When my grandfather was young, he went to the police station three times to get his first ID card. The first time the materials were incomplete, the second time the photo was not qualified, and finally, after the third attempt, he got it, waiting forty days to receive it. That was in the 1980s, and he thought it was normal.

The situation in Sierra Leone is much worse. More than half of the population in this West African country does not have formal identification documents. It's not that they don't want to obtain them; the system itself is simply not accessible. What does lack of identification mean? You can't open a bank account, you can't receive government subsidies, and you can't prove that you are who you say you are. You do not exist in the administrative system of this country.

In November 2025, the Ministry of Communication Technology and Innovation in Sierra Leone signed an MoU with the SIGN Foundation. The first phase of the collaboration involves two things: an on-chain digital identity system based on SignPass and a local stablecoin payment system.

These two things make sense only when viewed together. The identity system addresses "who you are," while the payment system addresses "how the money gets to you." Once a person has an on-chain identity, government subsidies can be directly sent to their wallet via stablecoins, without needing to go through a bank intermediary, and without that person having to prove they have a bank account.

There is a statement in the white paper: global social security expenditures exceed $10 trillion a year, but billions of people are left uncovered. The reason for this lack of coverage is not insufficient funds, but rather that the distribution pipeline fails to reach the last mile.
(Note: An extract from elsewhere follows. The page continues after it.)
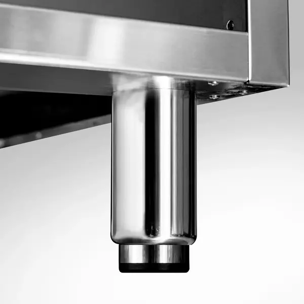 Daarnaast zorgt de achteropstand dat er niet zomaar iets achter het apparaat kan vallen, voor extra hygiëne, is het apparaat ook op iets ongelijke ondergrond stabieler te plaatsen door de stevige RVS stelpoten en zijn losse deuren beschikbaar om de onderkast mee te kunnen afsluiten!

Without identity, qualifications cannot be verified; without verification, distribution cannot occur, and if distribution cannot happen, it is as if the money does not exist.

$SIGN 's work in Sierra Leone is to connect this pipeline from source to endpoint—using attestation to confirm identity, smart contracts to verify qualifications, and stablecoins to complete payments, with a fully auditable on-chain trail.

This is more practical than any JPEG transaction running on an L1.

Do you think blockchain will ultimately be remembered for DeFi, or for helping people in an African country obtain their first ID card?